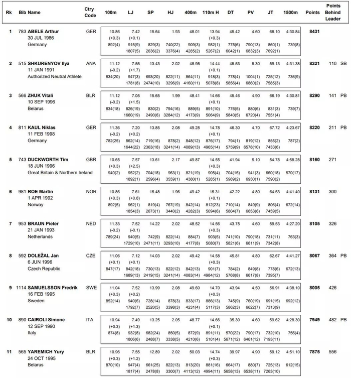 男子十项全能,德国本土选手阿贝勒摘金。在1500米冲过终点线后,当得知自己收获金牌,他潸然泪下!
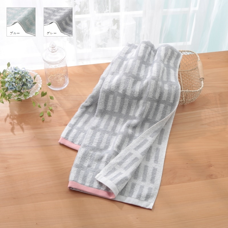 通常の綿100%タオルよりも乾きやすく、繰り返しの洗濯や使用に強いタオルです。
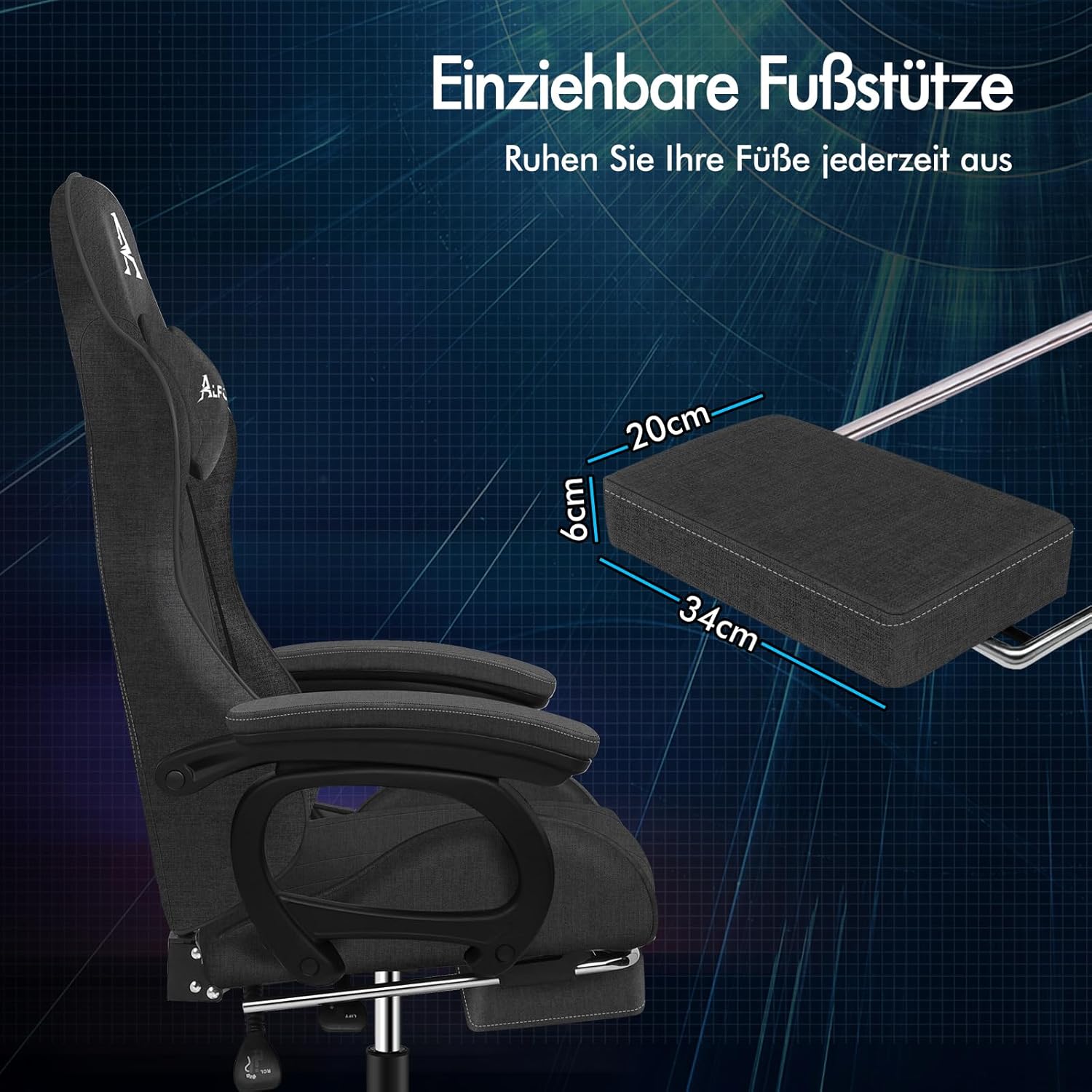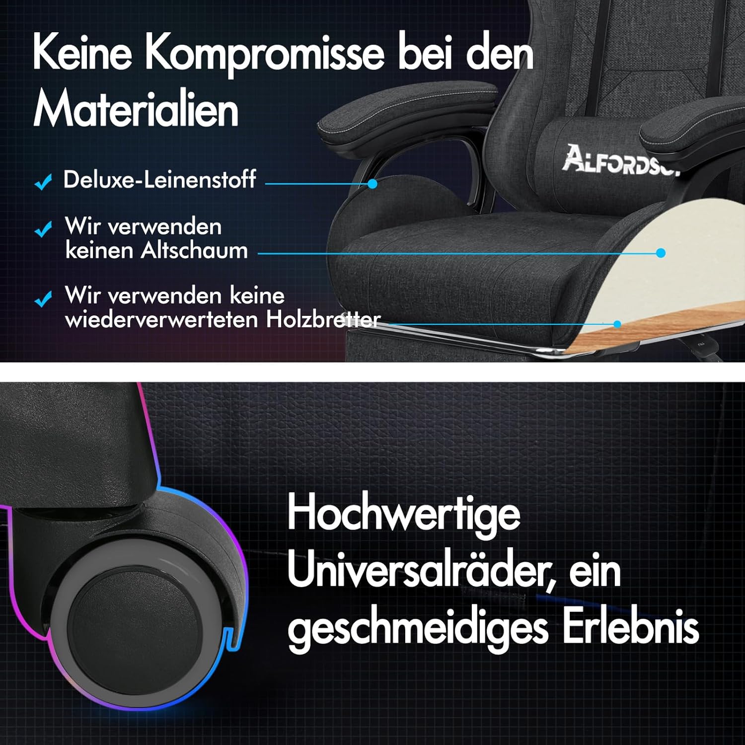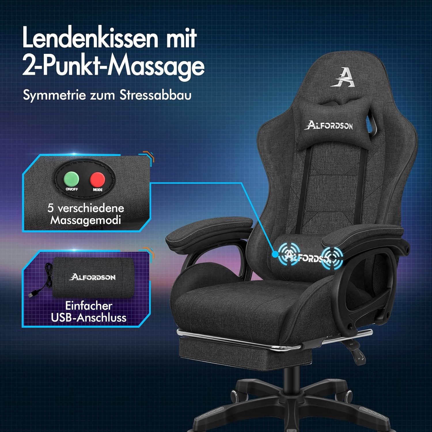 ALFORDSON Gaming Chair Office Chair with 2-Point Massage, Footrest, Headrest and Lumbar Cushion, 150° Adjustable Backrest, Linen Fabric, Dark Grey
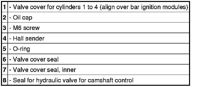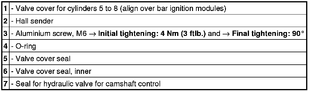 Always read the information concerning modified tightening specifications and component changes relating to repairs provided for specific engine numbers in the Information section -> 1001IN IMPORTANT component changes for V8 engines as of October 2008 1001IN IMPORTANT component changes for V8 engines as of October 2008.

**YOUR OBJECTIVE:** Print the data above exactly; drop every picture.

**YOUR SOLUTION:**
 男子十项全能,德国本土选手阿贝勒摘金。在1500米冲过终点线后,当得知自己收获金牌,他潸然泪下!
 通常の綿100%タオルよりも乾きやすく、繰り返しの洗濯や使用に強いタオルです。
 ALFORDSON Gaming Chair Office Chair with 2-Point Massage, Footrest, Headrest and Lumbar Cushion, 150° Adjustable Backrest, Linen Fabric, Dark Grey
 Always read the information concerning modified tightening specifications and component changes relating to repairs provided for specific engine numbers in the Information section -> 1001IN IMPORTANT component changes for V8 engines as of October 2008 1001IN IMPORTANT component changes for V8 engines as of October 2008.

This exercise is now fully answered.